Hidden in Plain Sight: Sensory Processing Disorder

(Photo Courtesy: Nicki Dugan Pogue, Flickr)

This documentary is both an exploration and personal account of Sensory Processing Disorder. The experts guided me to a greater understanding of my own affliction. SPD, as it's abbreviated, is neurological condition that's characterized by difficulties in processing sensory information. In layman's terms, the senses of smell, taste, sound, sight, and touch are all out of whack. And this could include the vestibular and proprioceptive systems, which involve sense of balance and space respectively. This disorder, like autism (ASD), is a spectrum disorder, meaning no two people with SPD are alike. It affects everyone differently, as each person has their own processing strengths and difficulties.

When I was a young child, I would literally shake when a train came by, unlike all the other children who ran up to it excitedly.
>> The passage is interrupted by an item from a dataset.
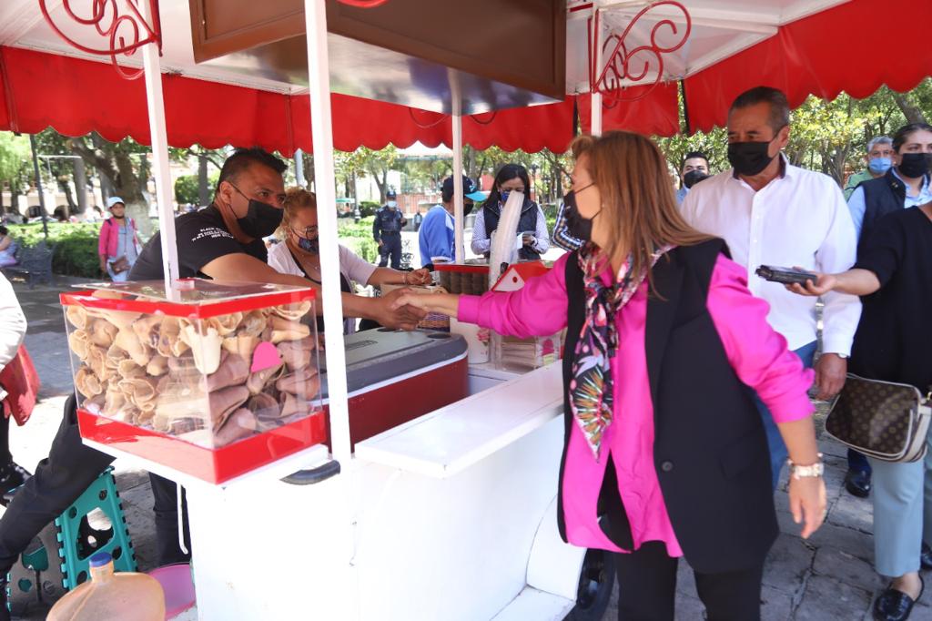 En el recorrido, la mandataria local saludó a los tlaxcaltecas que expenden alimentos y artesanías en los alrededores de los espacios, quienes agradecieron su visita, acercamiento y el contacto permanente con la ciudadanía.

When I was in preschool, I was the only kid who couldn't touch cow udders on a field trip because I was so freaked out. I had some repeated movements (which, in the context of autism, is called "stimming" behavior), and I struggled with schoolwork whenever an excessive number of things were going on in the classroom. Turns out lots of people have a hard time concentrating in this context, but for children with SPD it could be much worse. This could be mistaken as ADHD or OCD: two disorders with symptom crossover. Fortunately, I had occupational therapy and at-home treatments that worked, but I realize now that not everyone is so lucky.

While it's real to me, it's not to everyone. There's currently a fight to get this affliction listed in the Diagnostic and Statistical Manual of Mental Disorders. This means it's not currently recognized as its own thing; it's only considered a symptom of autism by the American Psychiatric Association. I do recognize what I believe to be real could be a combination of other disorders or something else entirely, so I'm looking at this with a journalist's objective eye.